_PROMPT_
From the records below, print only the part that opens with the line containing "L1 = [(x-e)2" and closes with the line containing "Where does the thoracic duct usually empty"; omit the pictures.

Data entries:

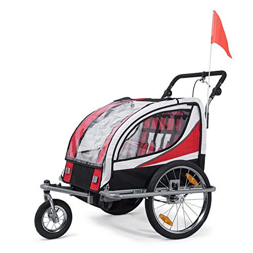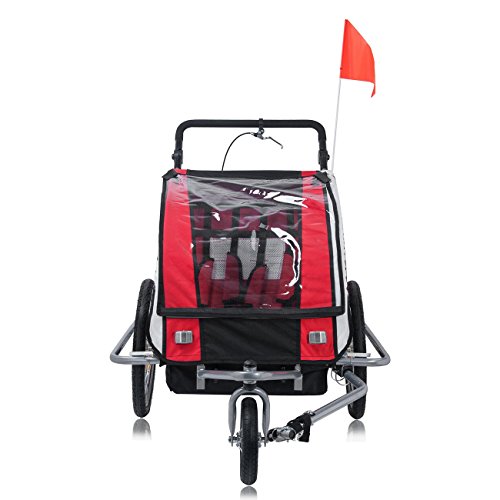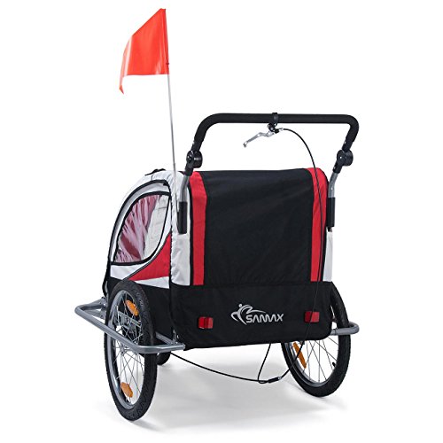 SAMAX 360° drehbarer Fahrradanhänger 2in1 Jogger – in Rot – Silver Frame Es kann sowohl in seiner hauptsächlich vorgesehenen Funktion als Fahrradanhänger mit einem 360° drehbaren Vorderrad für mehr Flexibilität, genutzt werden. Besonders hervorstechend ist die Funktion des 360° drehbaren Vorderrades. Schnelles Wenden des Anhängers stellt somit zukünftig auch bei wenig Platz keine Problematik mehr dar! Die Sitzbank bietet Platz für 1-2 Kinder, das zulässige Gesamtgewicht von 40 kg inkl. Kindern und Gepäckzuladung, sollten nicht überschritten werden. Während der Fahrt sorgen Hüft- und Schultergurte, sowie der Überrollbügel für Sicherheit. Wird der Kinderanhänger als Jogger genutzt, dient eine Handbremse zum Regulieren der Geschwindigkeit. Technische Daten:Gesamtmaße: ca. 133 x 88 x 108 cm (LxBxH)Maße Innenraum: ca. 55 x 50 x 68 cm (BxTxH)Maße Stauraum hinter der Sitzbank: ca. 55 x 25 x 68 cm (BxTxH)360° drehbares und feststellbares VorderradGefederte Hinterachse, absorbiert Stöße und schont den Rücken Ihrer KinderKinderleichter Auf- und Umbau ohne Werkzeug vom Jogger zum Fahrradanhänger für 1-2 Kinder10 Zoll Vorderreifen,20 Zoll Hinterreifen, LuftbereifungZulässiges Gesamtgewicht (Jogger + Zuladung): max. 40 kgEigengewicht Jogger: ca. 20 kg / Maximale Zuladung: ca. 20 kgDer Kinderfahrradanhänger ist nicht für Elektrofahrräder / Pedelecs geeignetEigenschaften:Sehr stabiler Stahlrohrrahmen mit ÜberrollbügelHüftgurt und Schultergurte mit PolsterGut sichtbarer Sicherheitswimpel und 8 Reflektoren, Reflektor-LogoStrapazierfähiges Rollverdeck als Regenschutz und FliegengitterAltersempfehlung: ab 18 MonatenDie Farben können je nach Bildschirmeinstellung leicht abweichen.
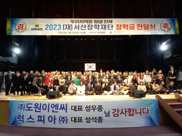 [충청뉴스 김정식 기자] (재)서산장학재단(이사장 조규선)은 “5일 서산시문화회관에서 ‘2023년도 우리지역을 빛낼 인재 장학금 전달식’을 개최하고, 중·고등학생 53명과 대학생 71명 등 총 124명에게 1억 3,300만 원의 장학금을 전달했다”고 밝혔다.
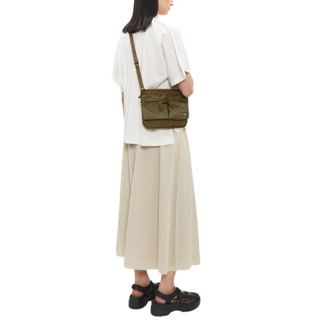 La Garconne Porter – Yoshida & Co Force Shoulder Bag is crafted from technical nylon and features two exterior zipper pockets. It includes an adjustable shoulder strap, an internal removable pouch, metal hardware, and a top zipper closure. The interior is finished with a bright orange nylon lining.
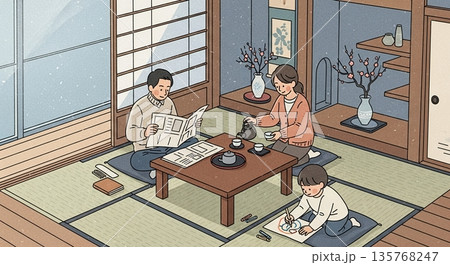 桜舞う日本家屋で安らぎの眠りにつく親子
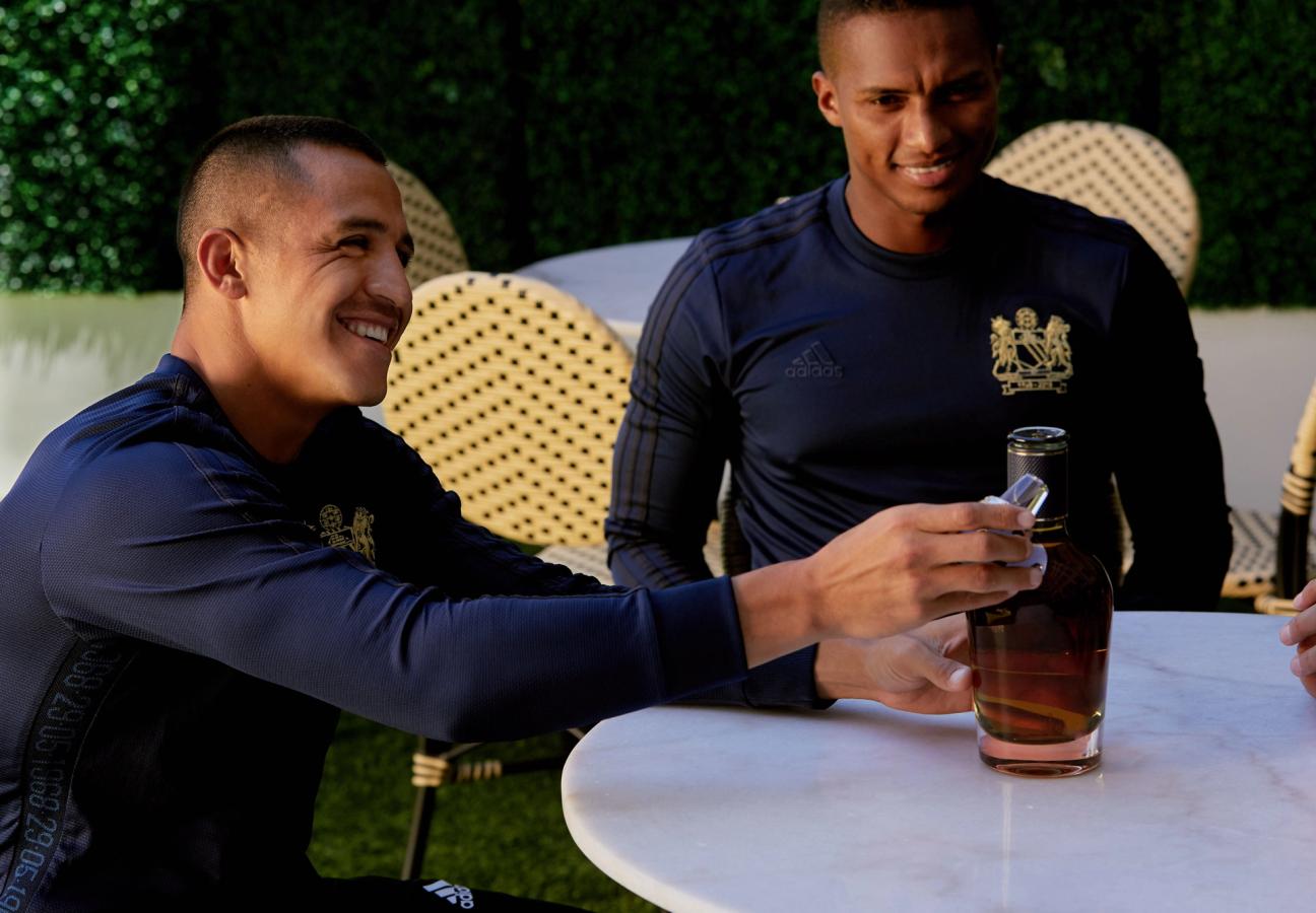 Alexis Sanchez and Antonio Valencia with a bottle of Chivas The Icon 50th Anniversary Limited Edition whisky. Photographer: Monroe Alvarez
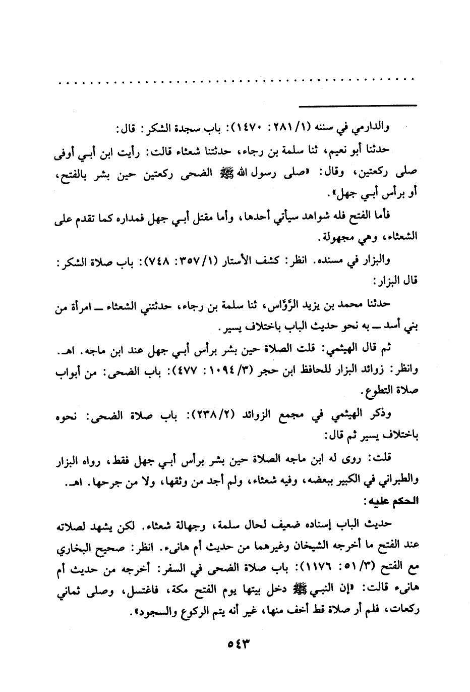 حدثنا أبو نعيم، ثنا سَلَمَةُ بْنُ رَجَاءٍ، حَدَّثَتْنَا شَعْثَاءُ قَالَتْ: رأيت ابن أبي أوفى صلى ركعتين، وقال: "صَلَّى رَسُولُ اللَّهِ -صَلَّى اللَّهُ عَلَيْهِ وَسَلَّمَ- الضحى ركعتين حين بشر بالفتح، أو برأس أبي جهل".
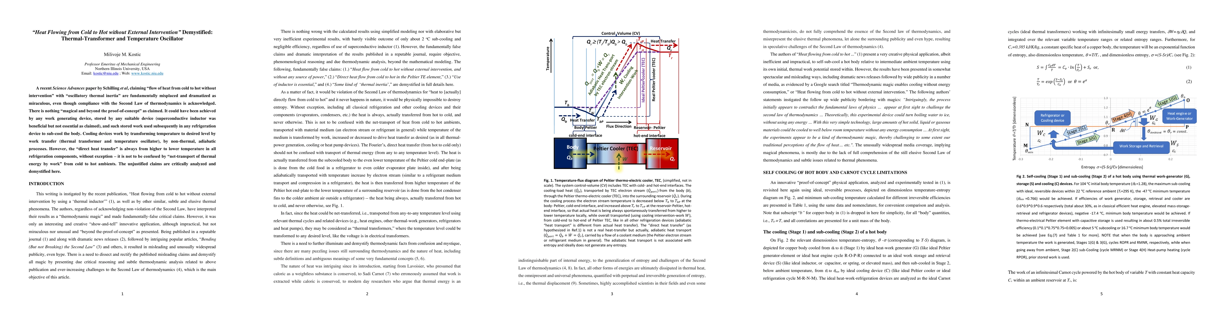 A recent Science Advances paper by Schilling et al, claiming "flow of heat from cold to hot without intervention" with "oscillatory thermal inertia" are fundamentally misplaced and dramatized as miraculous, even though compliance with the Second Law of thermodynamics is acknowledged. There is nothing "magical and beyond the proof-of-concept" as claimed. It could have been achieved by any work generating device, stored by any suitable device (superconductive inductor was beneficial but not essential as claimed), and such stored work used subsequently in any refrigeration device to sub-cool the body. Cooling devices work by transforming temperature to desired level by work transfer (thermal transformer and temperature oscillator), by non-thermal, adiabatic processes. However, the "direct heat transfer" is always from higher to lower temperature in all refrigeration components, without exception - it is not to be confused by "net-transport of thermal energy by work" from cold to hot ambients. The unjustified claims are critically analyzed and demystified here.
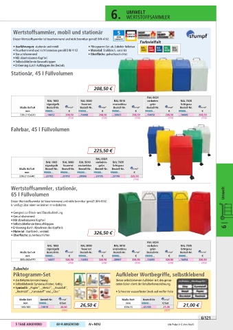 • Selbstklebende Symbolaufkleber, farbig deten Ecken dient der Behälterkennzeichnung.
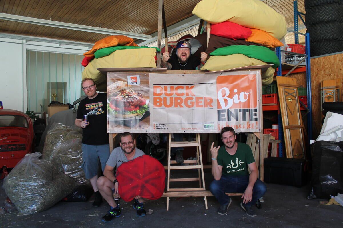 Die Freude war groß, als der Kremsmünsterer Daniel Postl hörte, dass der Red Bull Flugtag nach 2012 heuer wieder stattfindet – hat er doch damals mit einem Team daran teilgenommen und wartete seitdem auf ein Revival. Schnell waren auch die Teammitglieder gefunden. Die Flugcrew besteht aus dem Piloten Daniel Postl und den vier Helfern Patrick Tischlinger, Michael Eglseer, Robert Postl und Paul Berger – alle handwerklich geschickt. „Wir basteln gerne und verbringen viel Zeit miteinander“, erzählt Daniel Postl. Beim Plan des Flugobjektes waren sich die Teammitglieder einig: Ein Burger muss es sein, denn Daniel Postl ist Eigentümer des Burger-Restaurants McDaniels in Kremsmünster.
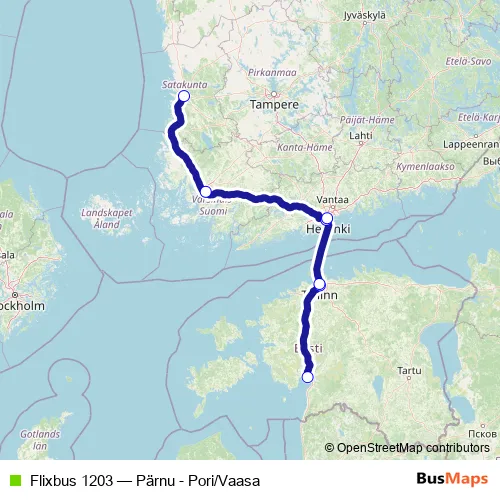 Bus Flixbus 1203 - Pärnu - Pori/Vaasa in Helsinki: Stops & Timetable
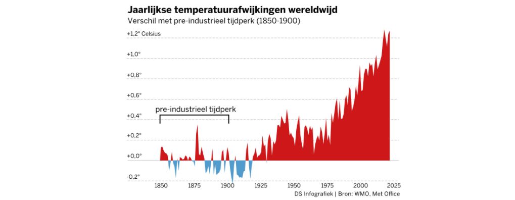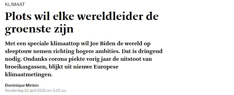 De grote woorden van politici zijn natuurlijk niet voldoende om het tij te keren. Want ondanks een economisch rampjaar door Corona blijven de CO2 concentraties én de temperatuur stijgen. Dit kan je zien op de ppm-klok van de Voo?uit én op deze teller. Van een vertraging van de uitstoot is nog geen sprake, van een piek nog minder. Daarom denk ik dat de in Parijs vooropgestelde 1,5 graden niet meer haalbaar is. We zitten nu al 1,2.
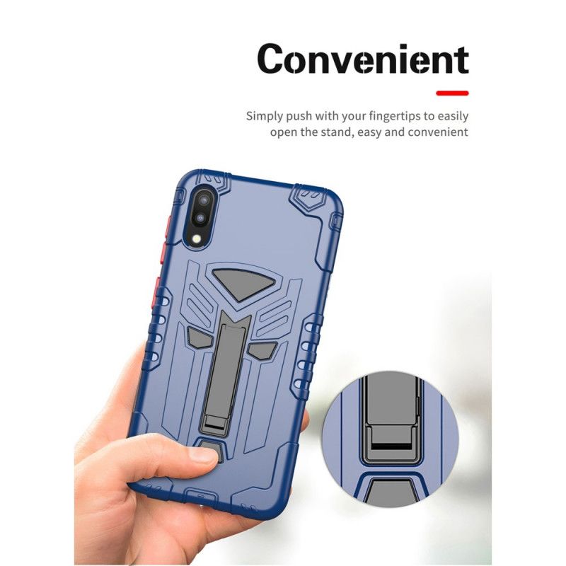 Ett ultra skal, i form av en sköld med en praktisk kickstand, skyddar din Samsung Galaxy A10 mot fall och stötar.
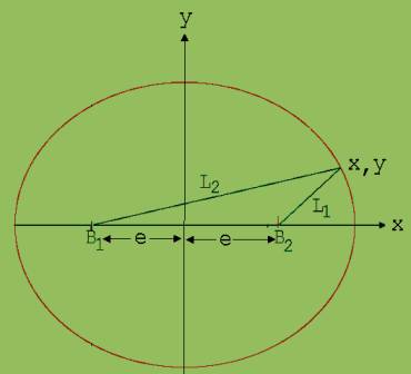 L1 = [(x-e)2 + y2 ] ½ ; L2 = [(x+e)2 + y2 ] ½ → [(x-e)2 + y2 ] ½ + [(x+e)2 + y2 ] ½ = Konstante
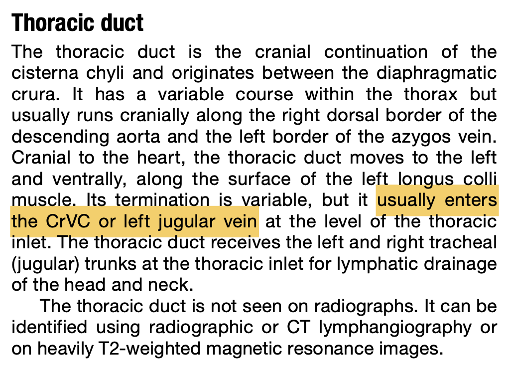 Where does the thoracic duct usually empty
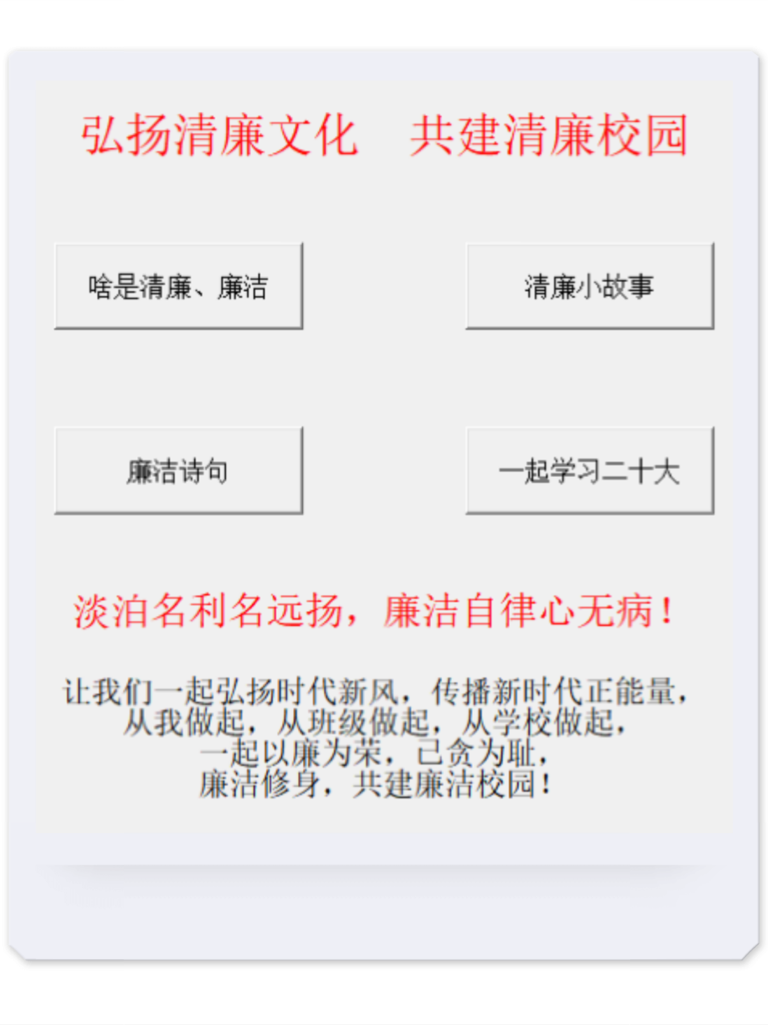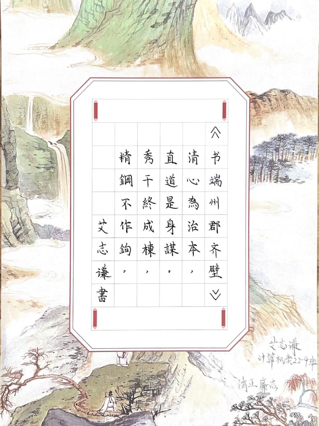 为大力弘扬清廉文化,建设“清廉学院”和“清廉班级”,营造崇尚廉洁的文化氛围,学院于11月份开展了“百花齐放颂清廉”系列清廉教育活动。活动涉及书法、绘画、摄影、剪纸等作品征集评选,开创性地将清廉教育与学科专业相结合,开展清廉主题编程设计比赛。 清廉作品以思廉、促廉、颂廉、扬廉为出发点和落脚点,通过清廉作品创作、评比,教育引导学生学廉、思廉,爱廉、守廉,积极营造学院“以文化人”、“以文润德”、“以文养廉”的浓厚氛围。此次征集活动提前谋划部署,广泛宣传动员,得到了学生的积极参与,进入评比的22件作品中,既有对博大精深传统文化的颂扬,也有对出淤泥而不染的莲花的称赞;作品或抒怀言志,或警示告诫。作品展示的是艺术境界,传递的是廉洁清风,宣扬的是对高尚精神风貌的追求。 此次清廉文化作品征集评选活动的开展,是积极推动清廉文化进校园,促进广大师生树立勤俭廉洁意识,引领廉荣贪耻的社会风尚的重要举措。学院将以此为抓手,紧紧围绕立德树人根本任务,将清廉文化贯穿于育人工作全过程,不断创新学院清廉文化建设的方式途径,进一步将清廉文化内化于心、外化于行,明大德、守公德、严私德,以坚实的担当和有效的行动助力建设“清廉桂工”。 进入评选的作品 书法类一等奖作品 绘画类一等奖作品 摄影类一等奖作品 剪纸类一等奖作品 编程设计类一等奖作品
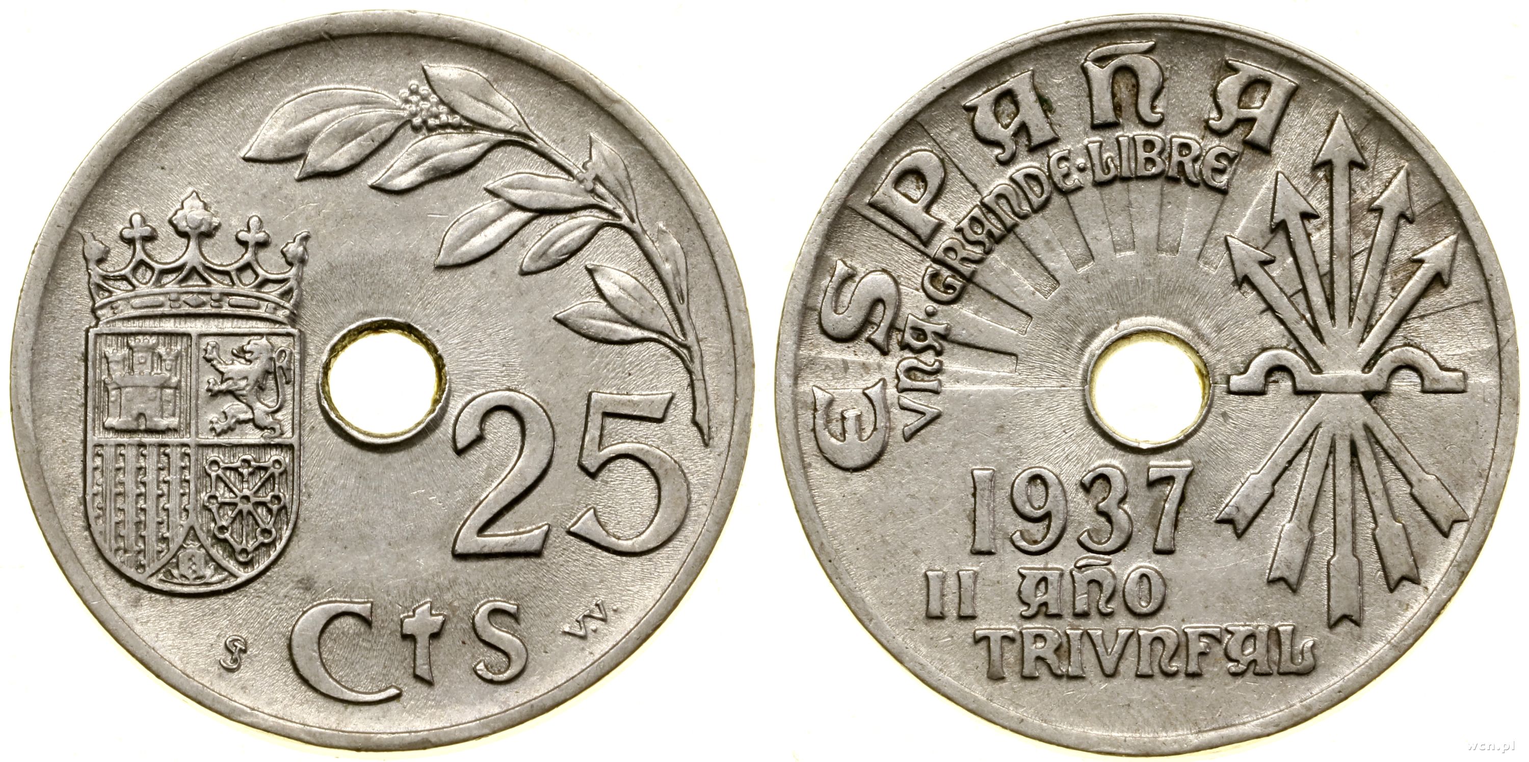 | Hiszpania, 25 centymów, 1937 |

_EXERCISE ANSWER_
 L1 = [(x-e)2 + y2 ] ½ ; L2 = [(x+e)2 + y2 ] ½ → [(x-e)2 + y2 ] ½ + [(x+e)2 + y2 ] ½ = Konstante
 Where does the thoracic duct usually empty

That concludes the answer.